- _Data for review_:

----

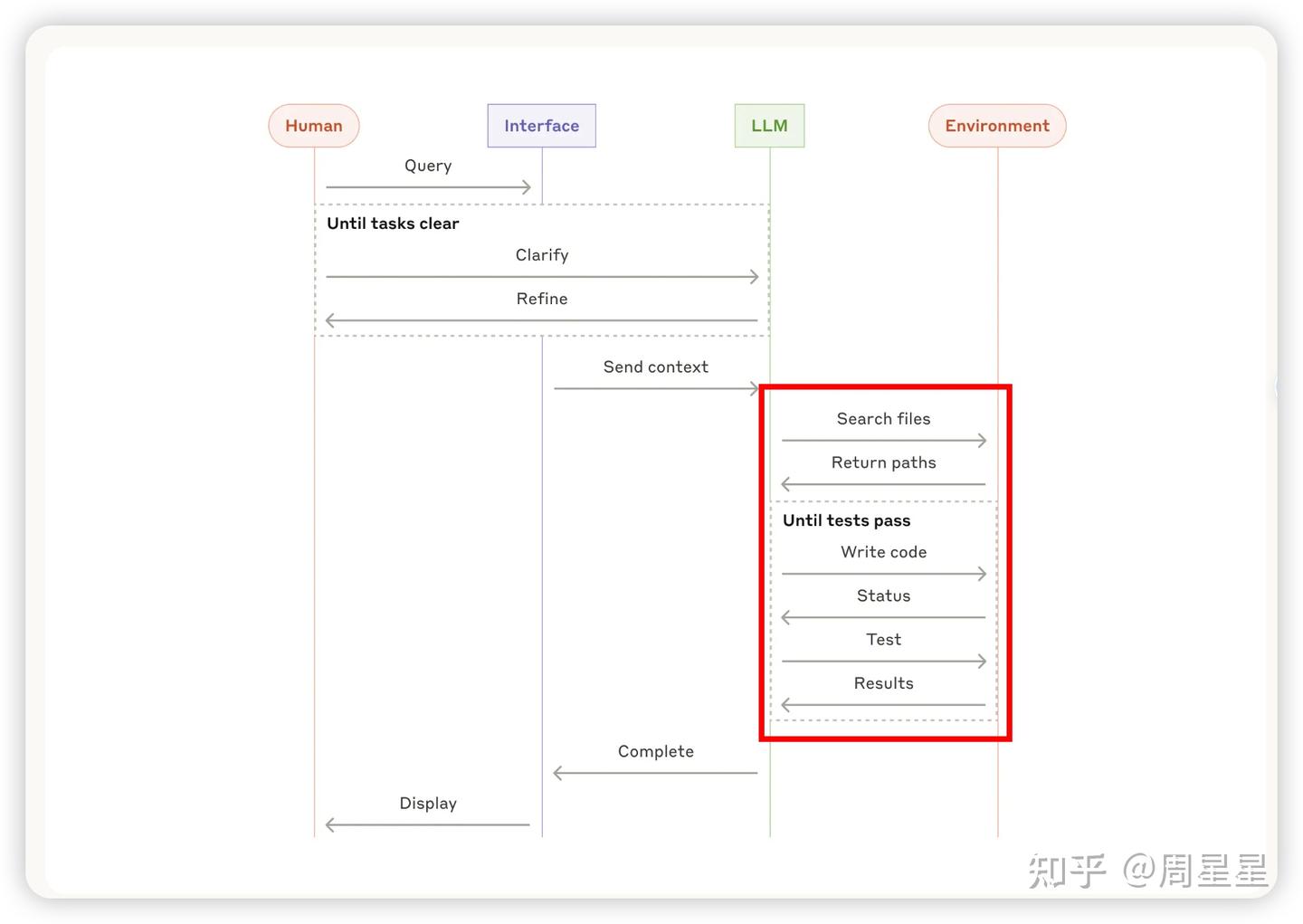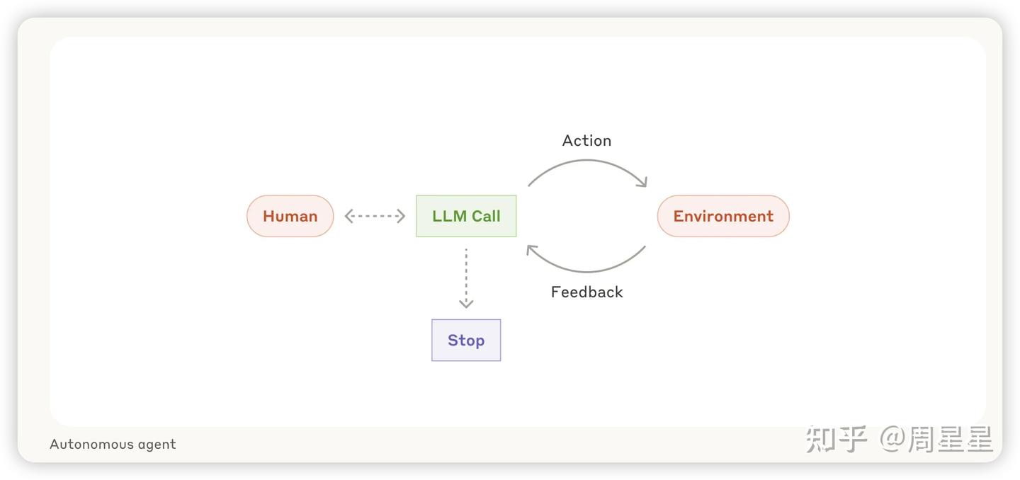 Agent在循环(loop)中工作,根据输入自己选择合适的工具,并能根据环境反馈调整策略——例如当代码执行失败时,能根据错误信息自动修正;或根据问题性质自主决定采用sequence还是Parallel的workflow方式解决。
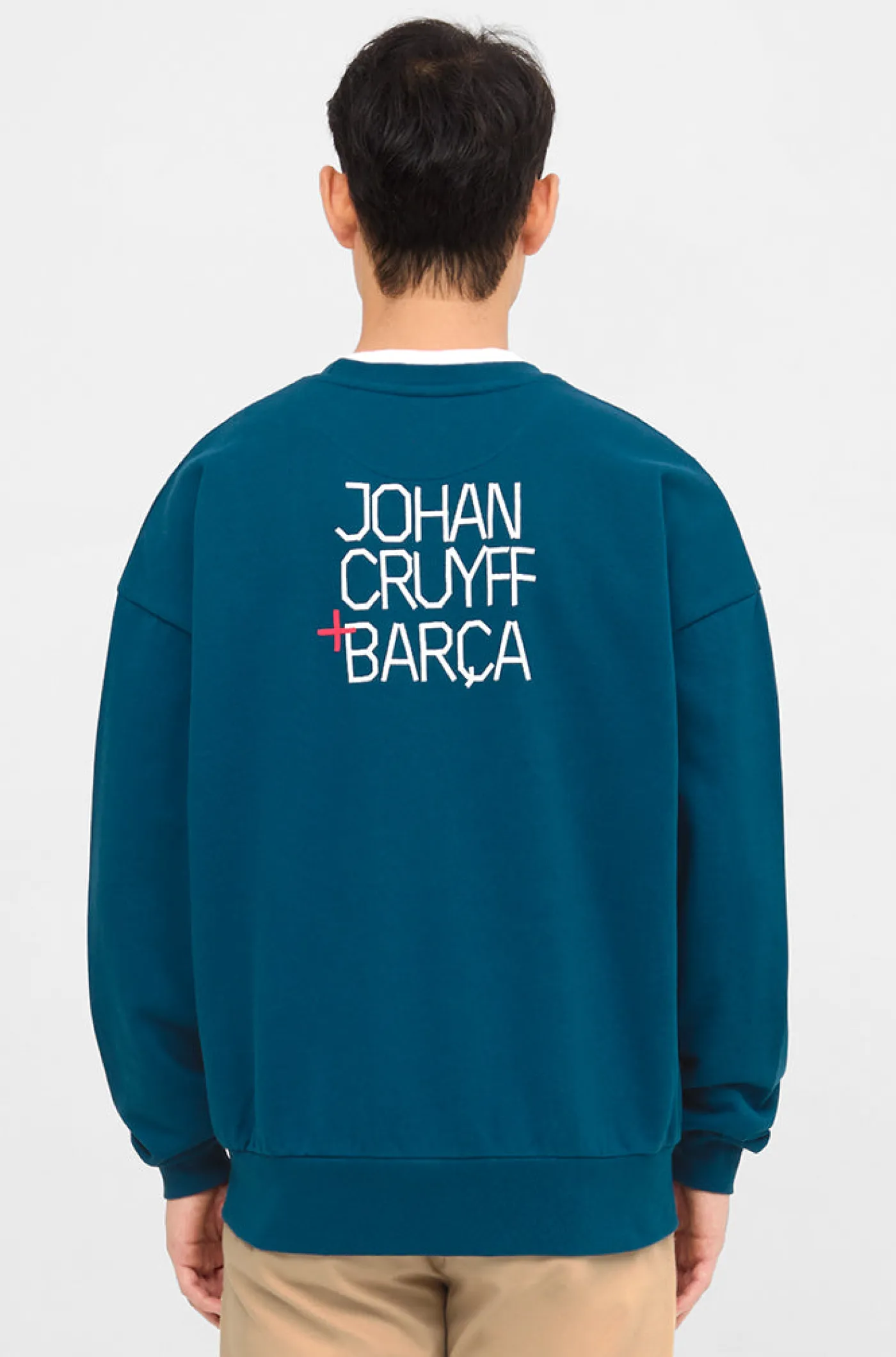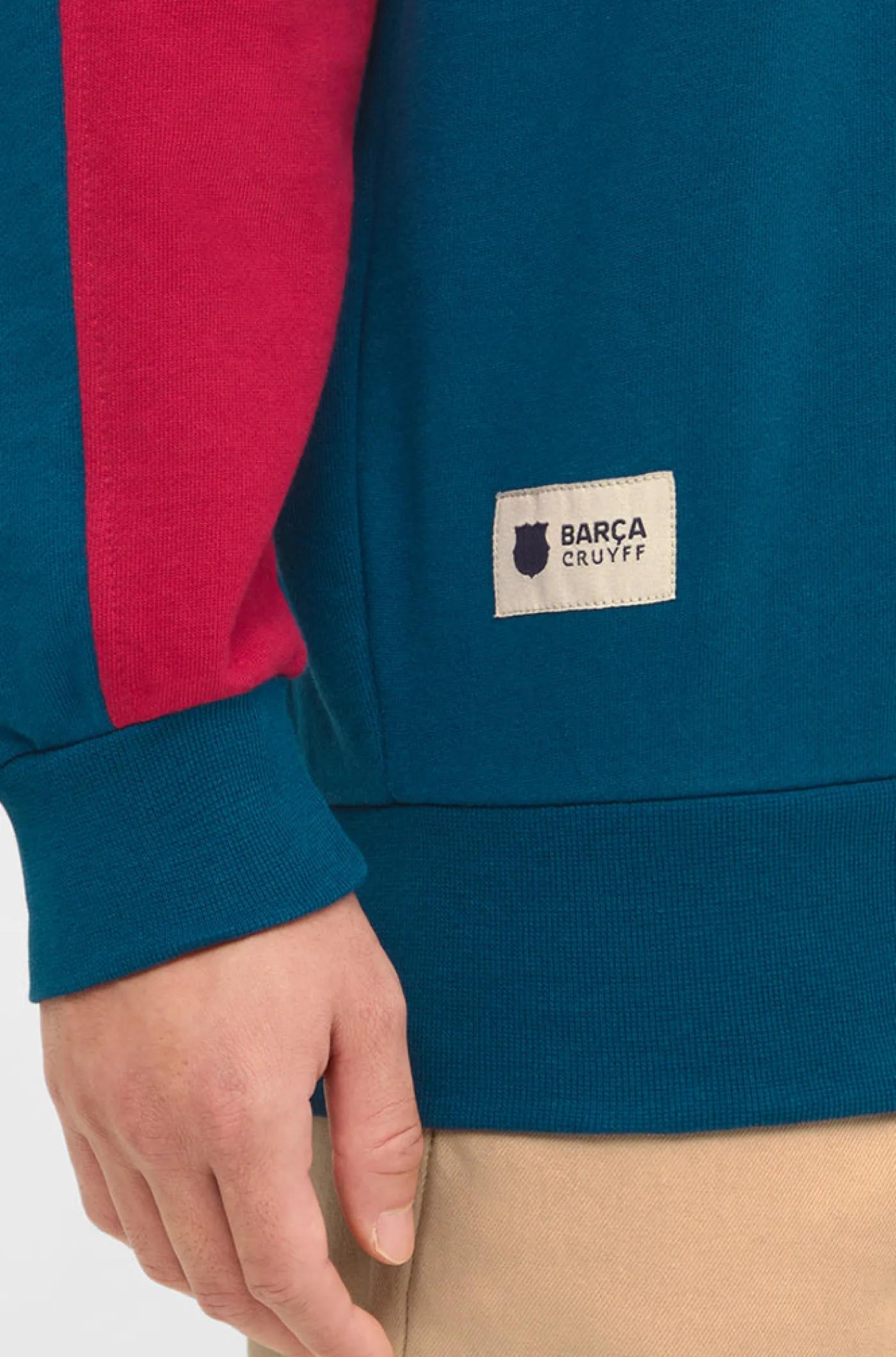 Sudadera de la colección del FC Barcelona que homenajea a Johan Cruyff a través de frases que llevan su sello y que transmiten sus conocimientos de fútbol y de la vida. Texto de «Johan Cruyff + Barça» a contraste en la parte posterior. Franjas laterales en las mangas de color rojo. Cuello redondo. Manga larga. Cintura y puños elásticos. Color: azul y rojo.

----

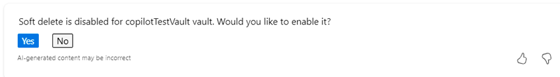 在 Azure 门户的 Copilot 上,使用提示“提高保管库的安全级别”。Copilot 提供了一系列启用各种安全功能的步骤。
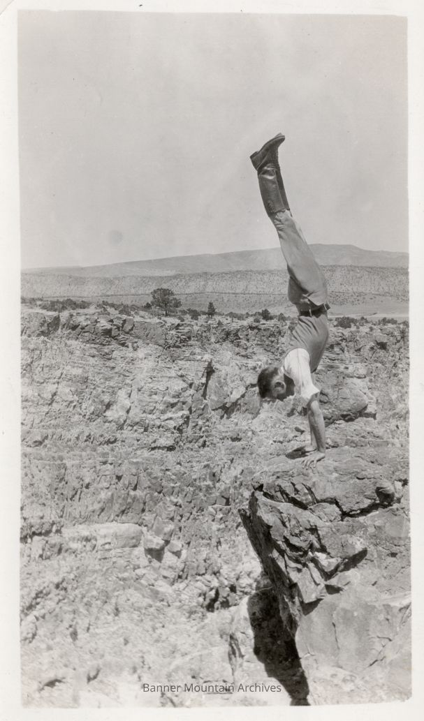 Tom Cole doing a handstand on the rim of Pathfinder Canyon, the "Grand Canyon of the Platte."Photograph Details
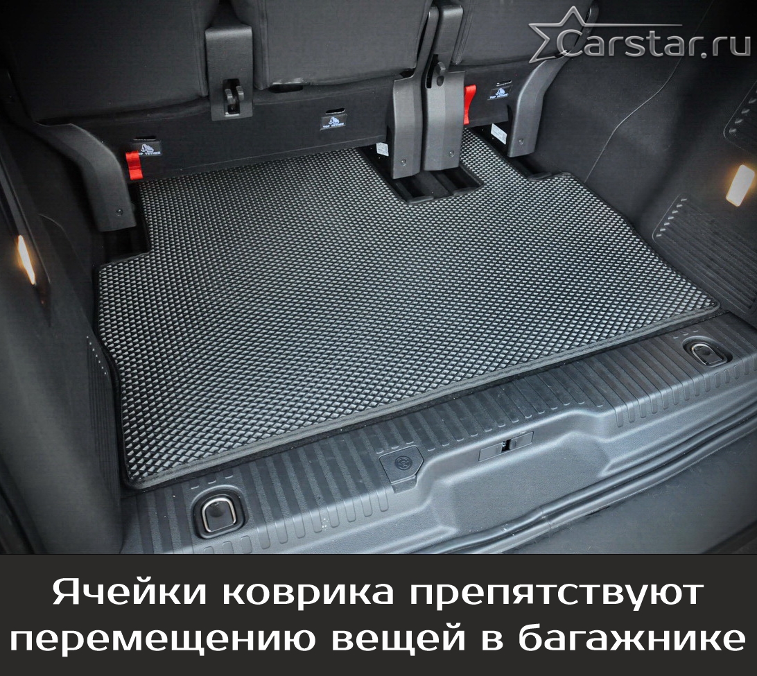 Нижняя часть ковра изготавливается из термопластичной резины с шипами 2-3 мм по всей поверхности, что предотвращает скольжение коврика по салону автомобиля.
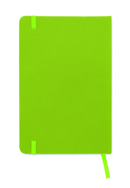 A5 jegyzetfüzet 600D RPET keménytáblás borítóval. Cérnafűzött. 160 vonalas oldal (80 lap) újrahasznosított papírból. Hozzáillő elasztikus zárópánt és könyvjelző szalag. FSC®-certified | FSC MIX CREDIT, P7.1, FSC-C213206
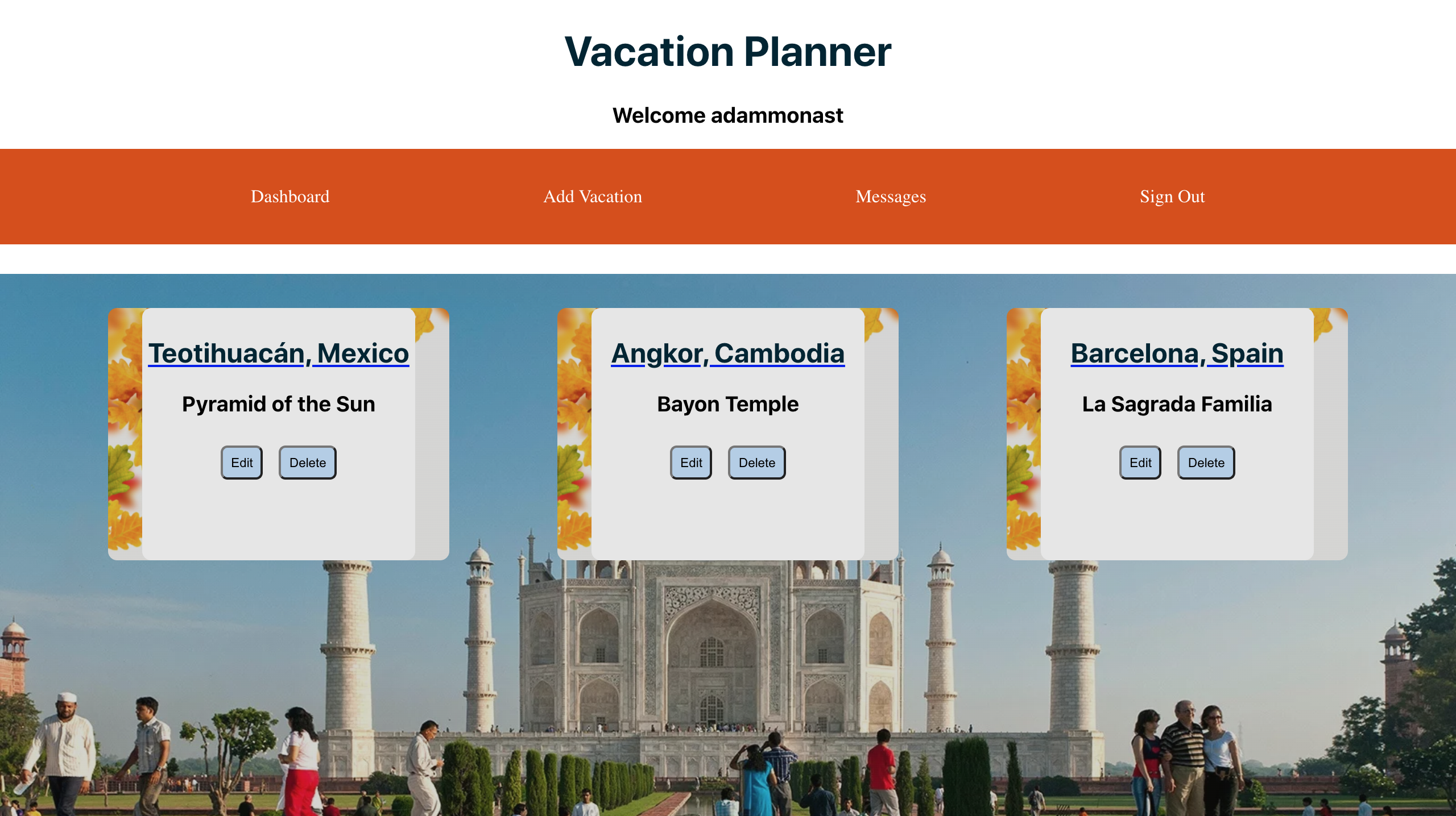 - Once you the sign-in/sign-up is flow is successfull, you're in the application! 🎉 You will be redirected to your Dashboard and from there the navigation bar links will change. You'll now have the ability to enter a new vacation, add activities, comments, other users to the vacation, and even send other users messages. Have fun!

----

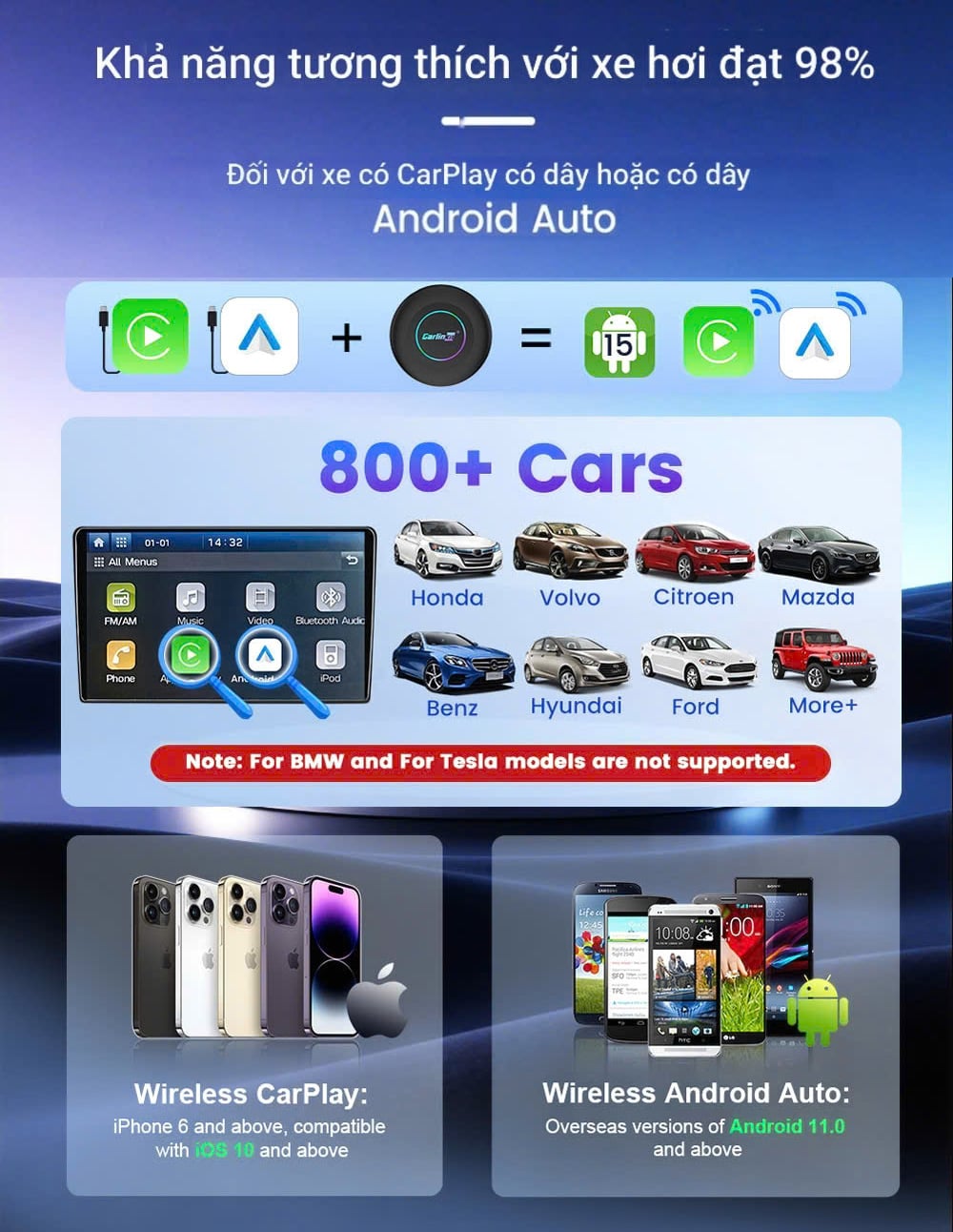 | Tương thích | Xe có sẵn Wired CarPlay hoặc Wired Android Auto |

----

- _Problem_:
Only the lines above from the one containing "Agent在循环(loop)" through the one containing "Sudadera de la" should be returned, verbatim and inclusive, with pictures excluded.

- _Exercise response_:
 Agent在循环(loop)中工作,根据输入自己选择合适的工具,并能根据环境反馈调整策略——例如当代码执行失败时,能根据错误信息自动修正;或根据问题性质自主决定采用sequence还是Parallel的workflow方式解决。
 Sudadera de la colección del FC Barcelona que homenajea a Johan Cruyff a través de frases que llevan su sello y que transmiten sus conocimientos de fútbol y de la vida. Texto de «Johan Cruyff + Barça» a contraste en la parte posterior. Franjas laterales en las mangas de color rojo. Cuello redondo. Manga larga. Cintura y puños elásticos. Color: azul y rojo.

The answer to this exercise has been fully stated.